Collaborator settings

Set a number of reviewers or the maximum time you want to reserve the item to a collaborator. When there are multiple annotators for a run, you can choose to have the run stay in the queue until all reviewers have marked it as Done. The settings are as follows:

All workspace members review each run: When enabled, a run remains in the queue until every workspace member has marked their review as Done.
Enable reservations on runs: Reserving a run locks it for your review for a set amount of time. While a run is reserved, other reviewers can view it but cannot add feedback or notes. Reservations are disabled if all workspace members review each run. If a reviewer has viewed a run and then leaves the run without marking it Done, the reservation will expire after the specified Reservation length. The run is then released back into the queue and can be reserved by another reviewer.
Clicking Requeue for a run’s annotation will only move the current run to the end of the current user’s queue; it won’t affect the queue order of any other user. It will also release the reservation that the current user has on that run.
Number of reviewers per run: This determines the number of reviewers that must mark a run as Done for it to be removed from the queue.
- Reviewers cannot view the feedback left by other reviewers.
- Comments on runs are visible to all reviewers.
The Number of reviewers per run setting is hidden when Use assigned reviewers is enabled (see below).
Use assigned reviewers: Enable this toggle to use specific workspace members instead of a count-based threshold. When enabled:
- A multi-select user picker appears so you can choose specific workspace members as assigned reviewers.
- A run is marked Completed only when every assigned reviewer has submitted their review. Queue items progress through three states: Needs Review → Needs Others’ Review → Completed.
- Non-assigned workspace members can still annotate runs, but their submissions do not count toward completion.
- Any workspace member can edit the assigned reviewers list in the queue settings.
When you add a new assigned reviewer to a queue that already has completed items, those items do not revert to pending. If you remove an assigned reviewer, any items they had not yet reviewed recalculate their completion status.

Because of these settings, the number of runs visible to each reviewer can differ from the total queue size.

Edit a queue’s settings

Open the Edit Annotation Queue panel for the annotation queue you want to edit. You can access this panel in two ways:
- In the Annotation queues list, click the Actions icon at the right of the queue’s row. Select Edit from the dropdown.
- In the annotation queue view, click the Settings icon in the top-right corner.
In the Edit Annotation Queue panel, modify any of the settings you configured during queue creation and click Save.

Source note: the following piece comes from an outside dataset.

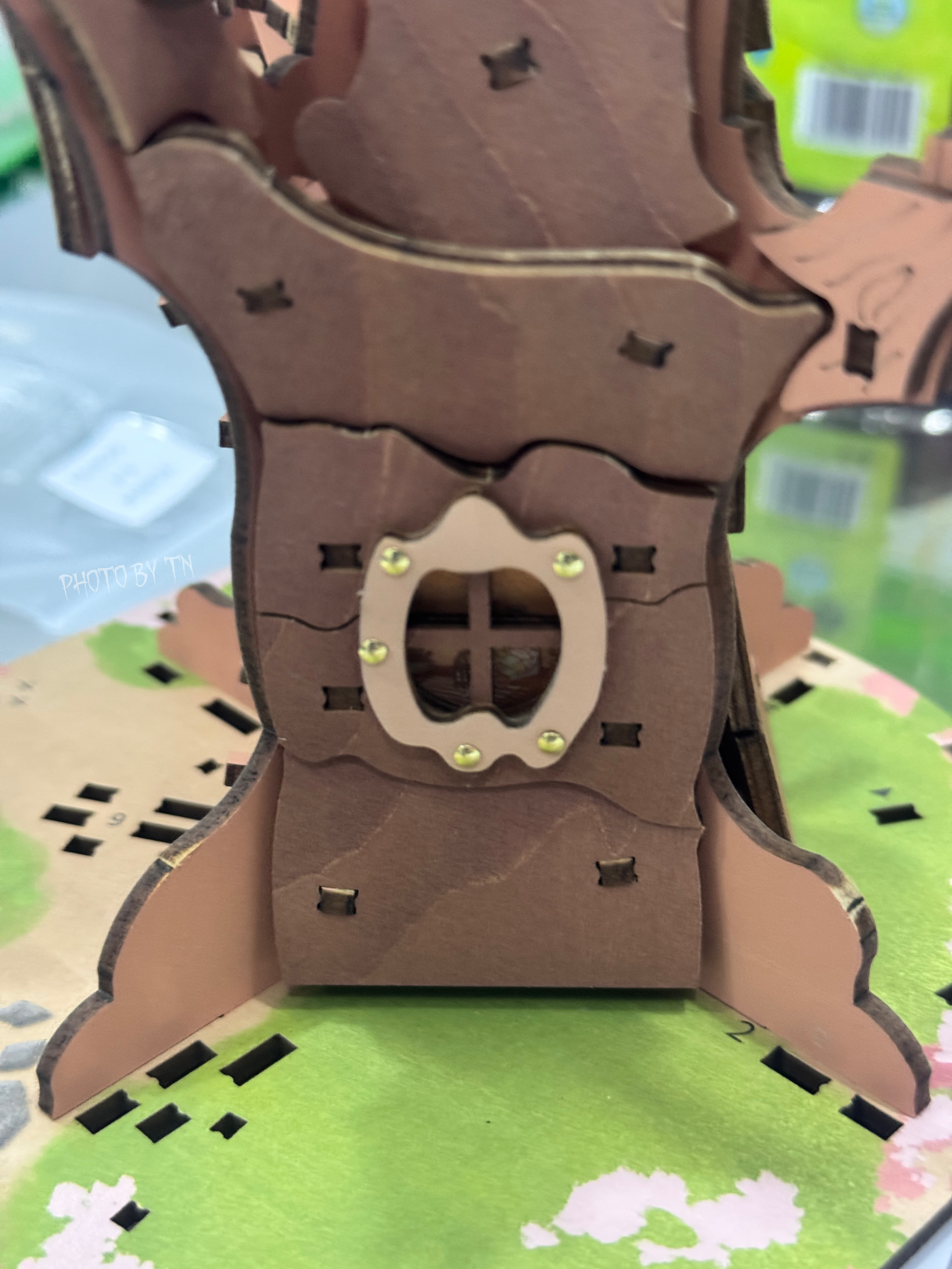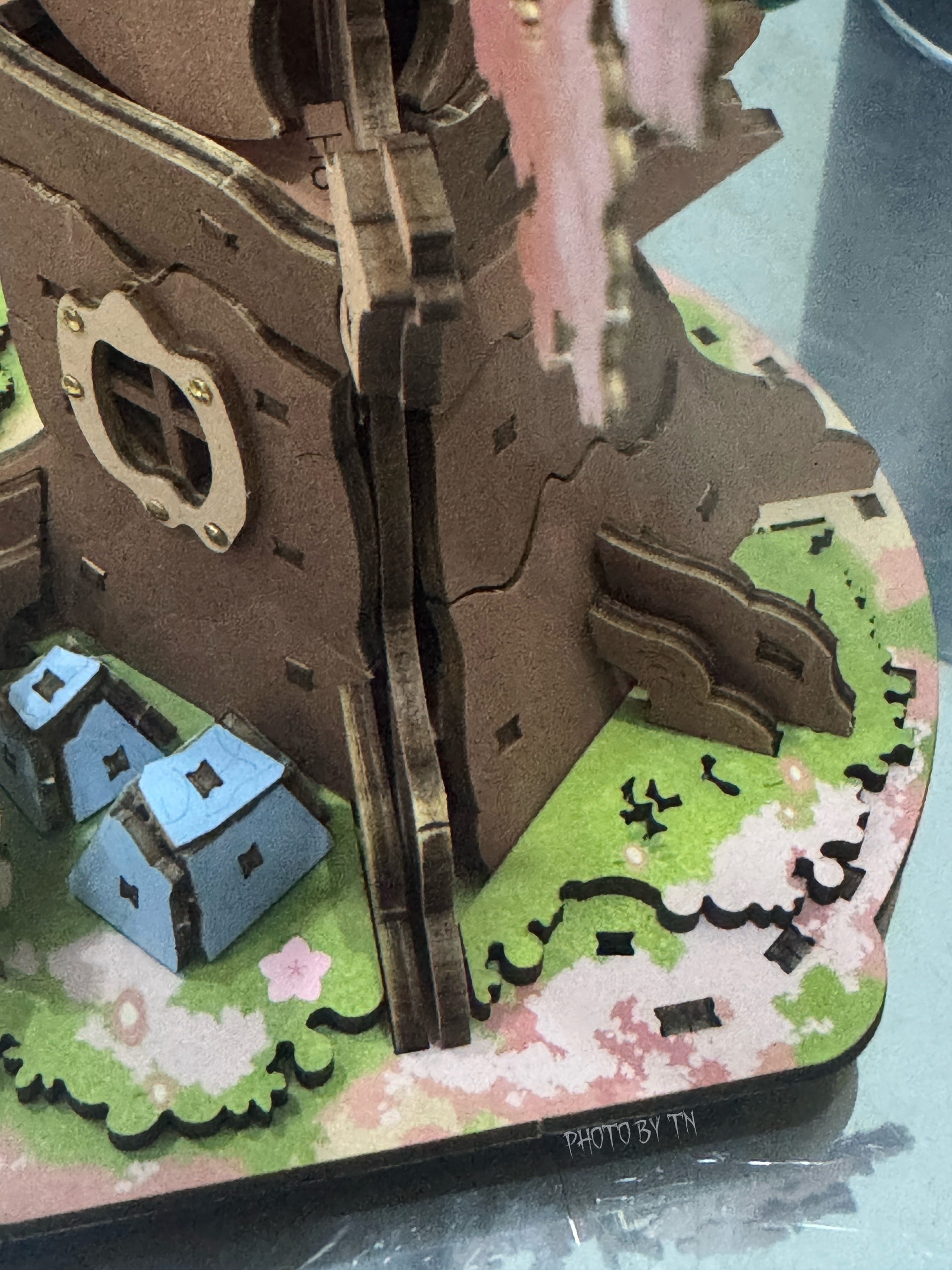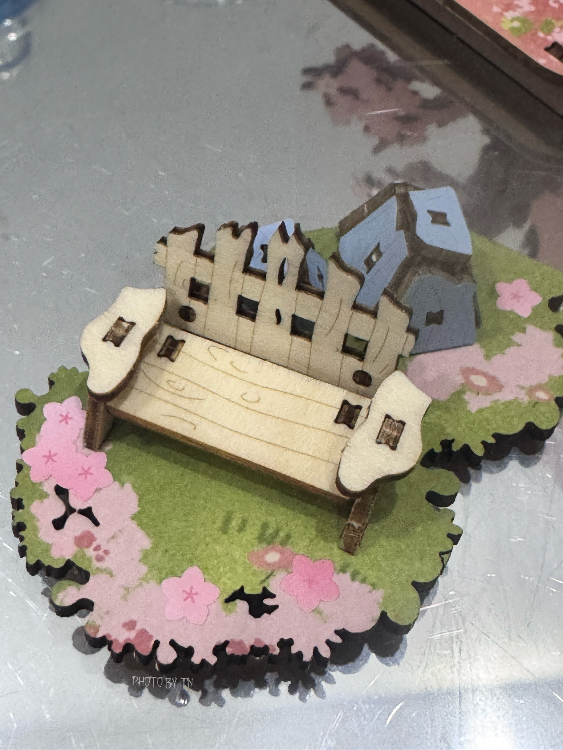 After finishing the cherry blossom layers, I started attaching the tree. Everything was detailed with instructions; I just followed each step, and the complete tree was finished. I really like the little bench next to the base. It gives me a feeling of tranquility, like sitting under the tree in the afternoon, watching everything around me. No noise, no busyness, just a moment to find peace of mind.

Assign runs to a single-run queue

There are several ways to populate a single-run queue with work items:

From the Details view: Click Add to Annotation Queue in the top-right corner of any trace. You can add any intermediate run, but not the root span.
From the runs table: Select multiple runs, then click Add to Annotation Queue at the bottom of the page.
Automation rules: Set up a rule to automatically assign runs that match a filter (for example, errors or low user scores) into a queue.
Datasets & experiments: Select one or more experiments within a dataset and click Annotate. Choose an existing queue or create a new one, then confirm the (single-run) queue option.

Review a single-run queue

Navigate to the Annotation Queues section through the left-hand navigation bar. The queue list includes an Assigned Reviewers column showing which reviewers are assigned to each queue. To see only queues assigned to you, click the Assigned to me filter at the top of the list.
Click on the queue you want to review. This will take you to a focused, cyclical view of the runs in the queue that require review. A left side panel shows the status of each run (Needs Review, Needs Others’ Review, Completed).
Add Reviewer Notes, score Feedback criteria, or mark the run as reviewed. To build a dataset, edit the run’s input and output to create a corrected reference example and click Add to Dataset. Click Delete to remove the run from the queue for all users, regardless of any current reservations or queue settings. Instead of crafting a corrected reference output by hand, you can write assertions directly in the review side panel and save them as the example’s expected output.
The keyboard shortcuts that are next to each option can help streamline the review process.

Pairwise annotation queues

Pairwise annotation queues (PAQs) present two runs side-by-side so reviewers can quickly decide which output is better (or if they are equivalent) against the rubric items you define. They are designed for fast A/B comparisons between two experiments (often a baseline vs. a candidate model) and must be created from the Datasets & Experiments pages.

Create a pairwise queue

Navigate to Datasets & Experiments, open a dataset, and select exactly two experiments you want to compare.
Click Annotate. In the popover, choose Add to Pairwise Annotation Queue. (The button is disabled until exactly two experiments are selected.)
Decide whether to send the experiments to an existing pairwise queue or create a new one.
Provide the queue details:
- Basic details (name and description)
- Instructions & rubrics tailored to pairwise scoring
- Collaborator settings (reviewer count, reservations, reservation length)
Submit the form to create the queue. LangSmith immediately pairs runs from the two experiments and populates the queue.

Key differences for PAQs:

Experiments: You must provide two experiment sessions up front. LangSmith automatically pairs their runs in chronological order and populates the queue during creation.
Rubric: Pairwise rubric items only require a feedback key and (optionally) a description. Annotators decide whether Run A, Run B, or both are better for each rubric item.
Dataset: Pairwise queues do not use a default dataset, because comparisons span two experiments.
Reservations & reviewers: The same collaborator controls apply. Reservations help prevent two people from judging the same comparison simultaneously.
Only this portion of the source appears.